The Universe of Discourse


Fri, 21 Mar 2008

Closed file descriptors: the answer
This is the answer to yesterday's article about a small program that had a mysterious error.

        my $command = shift;
        for my $file (@ARGV) {
          if ($file =~ /\.gz$/) {
            my $fh;
            unless (open $fh, "<", $file) {
              warn "Couldn't open $file: $!; skipping\n";
              next;
            }
            my $fd = fileno $fh;
            $file = "/proc/self/fd/$fd";
          }
        }

        exec $command, @ARGV;
        die "Couldn't run command '$command': $!\n";
When the loop exits, $fh is out of scope, and the filehandle it contains is garbage-collected, closing the file.

"Duh."

Several people suggested that it was because open files are not preserved across an exec, or because the meaning of /proc/self would change after an exec, perhaps because the command was being run in a separate process; this is mistaken.
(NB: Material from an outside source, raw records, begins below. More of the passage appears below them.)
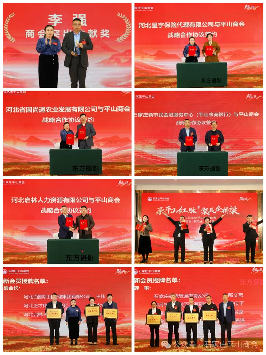 平山商会荣获平山县政府授予的“爱心服务中心”称号,这是政府对我们商会的最高嘉奖,倍感鼓舞,倍感荣幸,爱心服务中心的授牌,是政府对商会公益行动的权威认可。全体理事在大会上庄严宣誓,彰显担当与决心。会上对优秀理事进行了表彰颁奖!平山商会与河北星宇保险代理有限公司、河北省圆尚通农业发展有限公司、石家庄新市民金融服务中心、河北启林人力资源有限公司签订了战略合作协议。
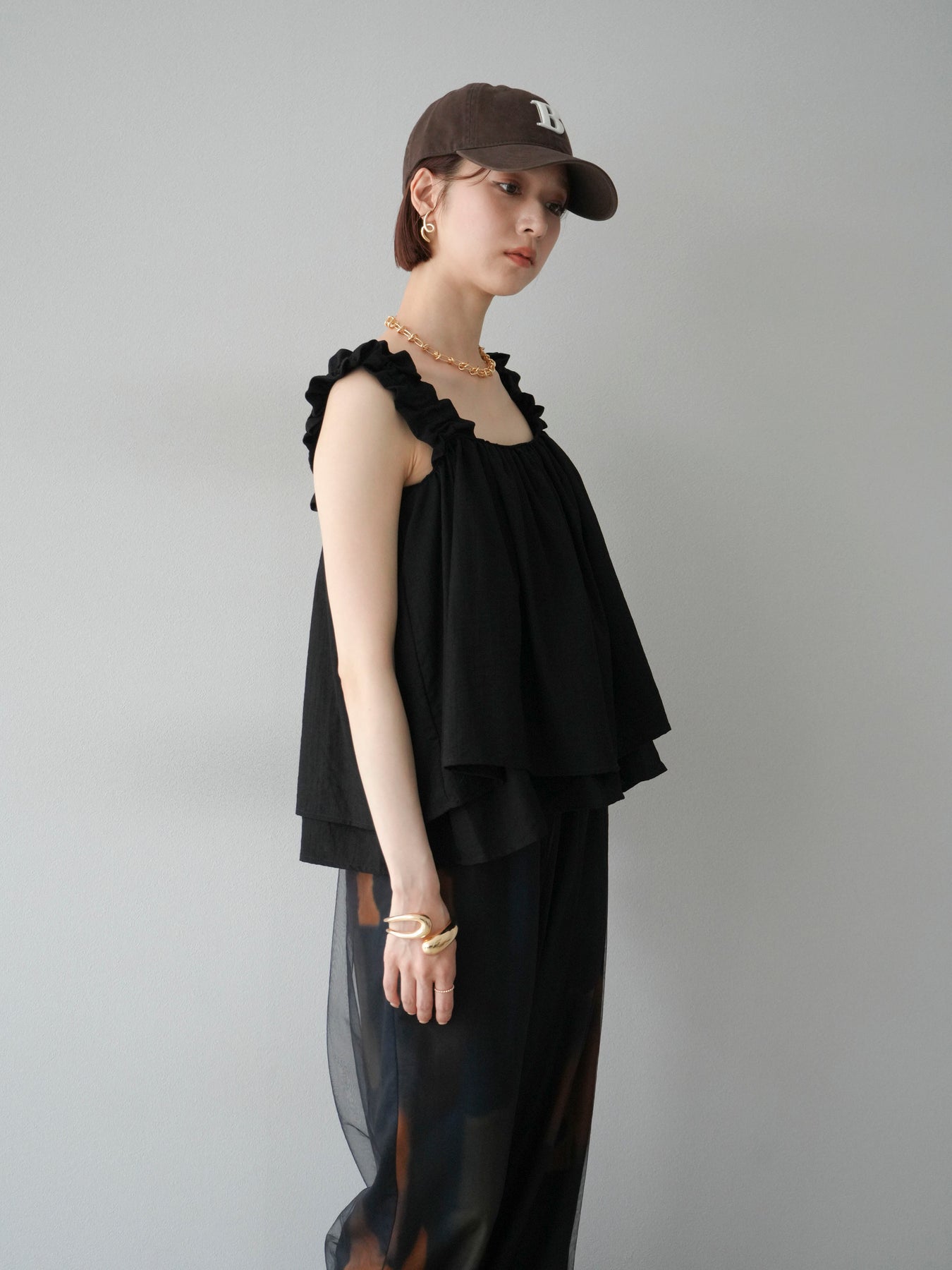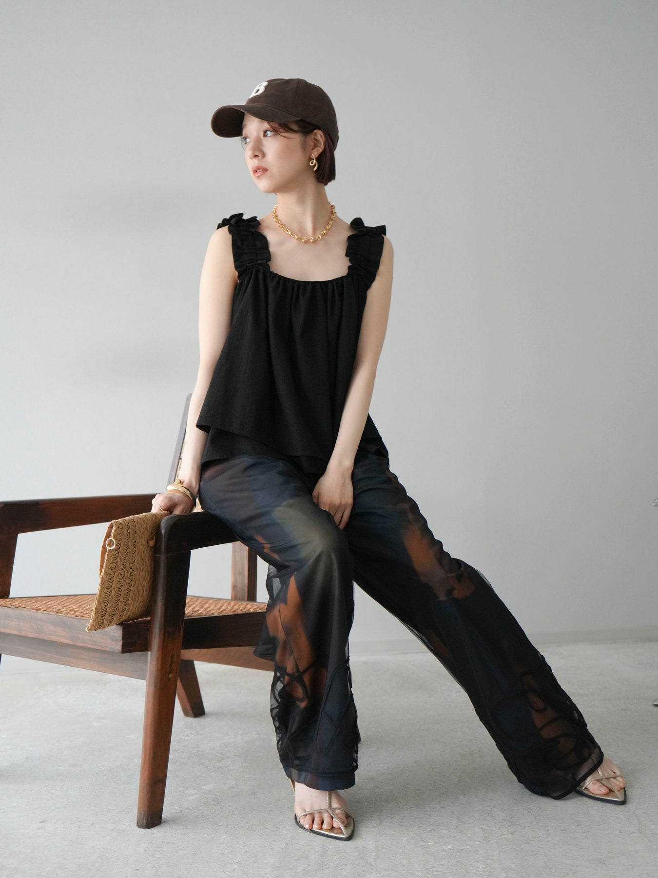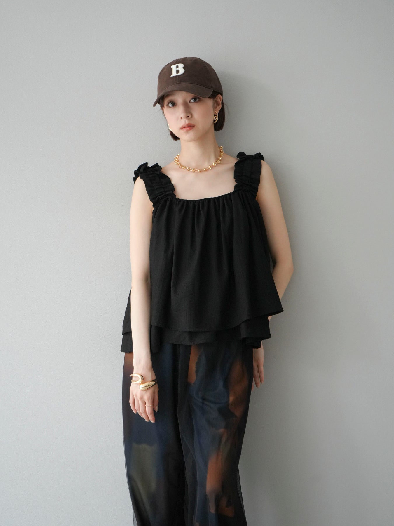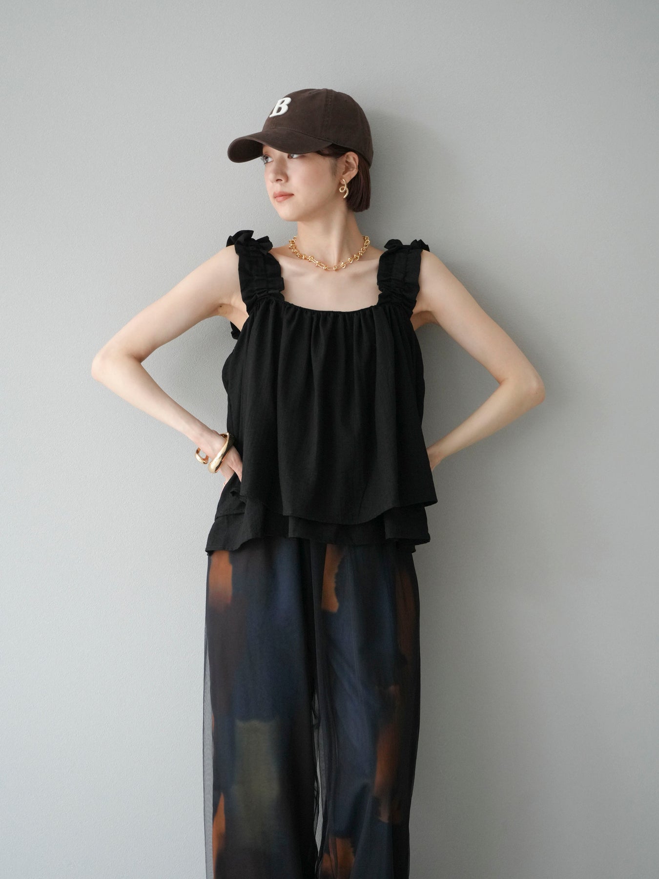 肩部飾有褶飾的背心。柔和的喇叭輪廓凸顯女性魅力,單穿即可打造華麗造型。柔滑的布料帶來清涼感。百搭單品,可輕鬆搭配褲裝和裙裝。 ※除下裝、吊帶背心(內衣)以外的商品均為標準品,不含內衣。
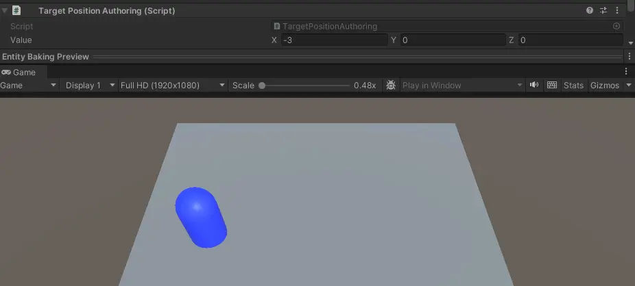 오브젝트를 움직이기 위해서 캡슐의 Transform을 변경해줘야 하는데, ECS의 Transform 변경 방식은 조금 복잡하다.
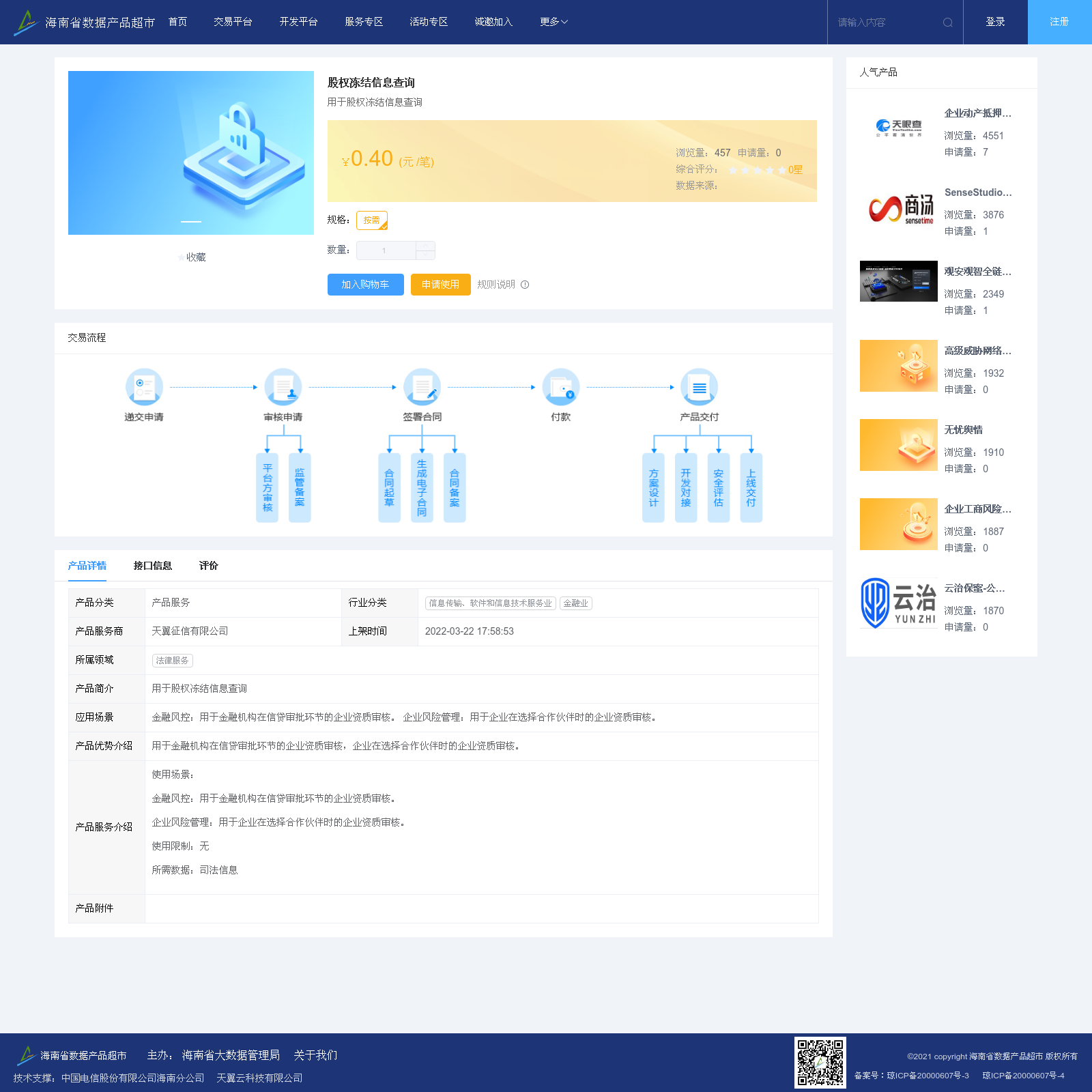 天翼征信有限公司 本次上架的数据产品 股权冻结信息查询, 用于股权冻结信息查询
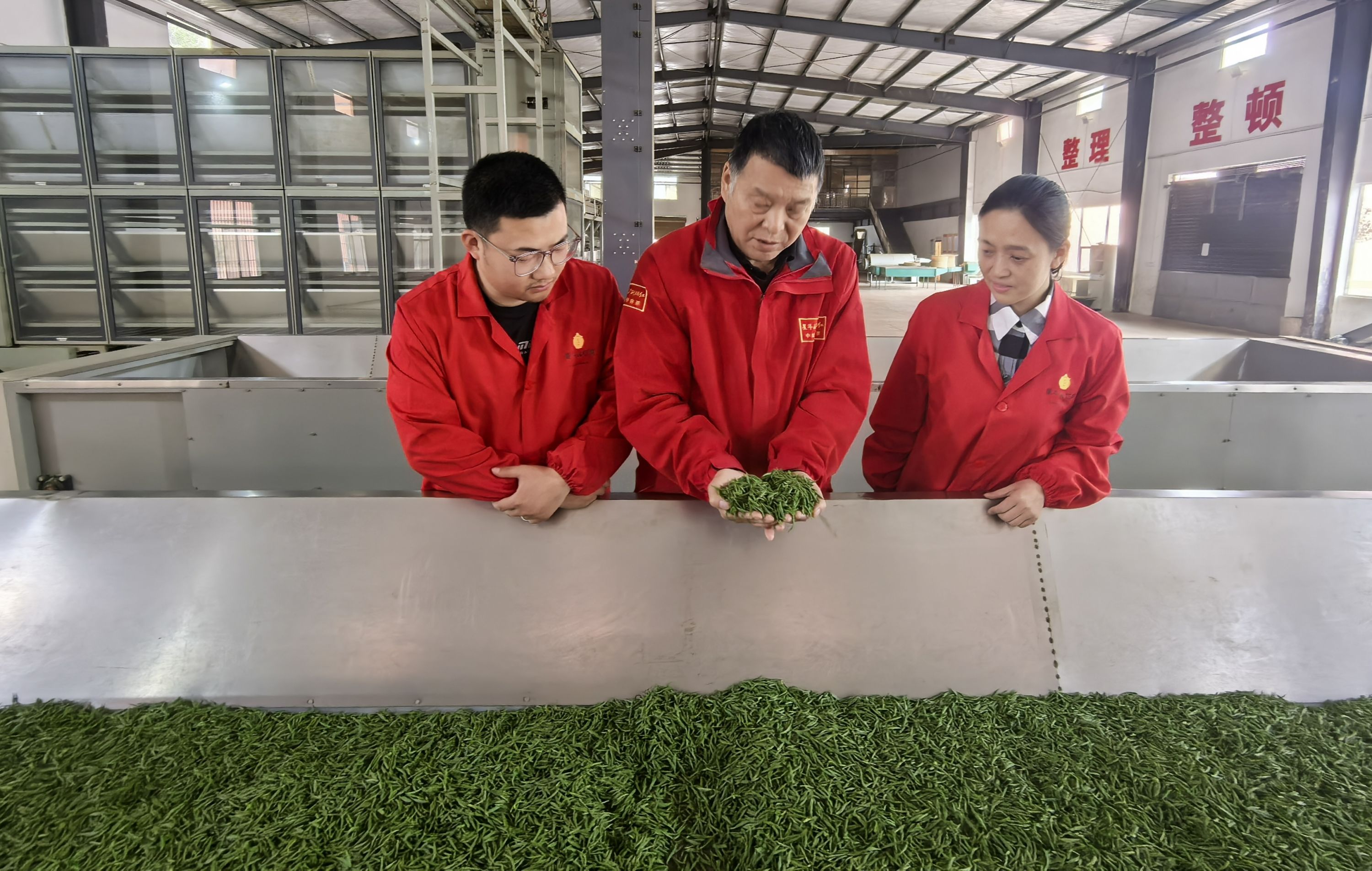 邱建红(中)正在厂里给徒弟讲解茶叶加工要领。

There is only one process here. The exec call does not create a new process; it reuses the same one, and it does not affect open files, unless they have been flagged with FD_CLOEXEC.

Abhijit Menon-Sen ran a slightly different test than I did:

        % z cat foo.gz bar.gz
        cat: /proc/self/fd/3: No such file or directory
        cat: /proc/self/fd/3: No such file or directory
As he said, this makes it completely obvious what is wrong, since the two files are both represented by the same file descriptor.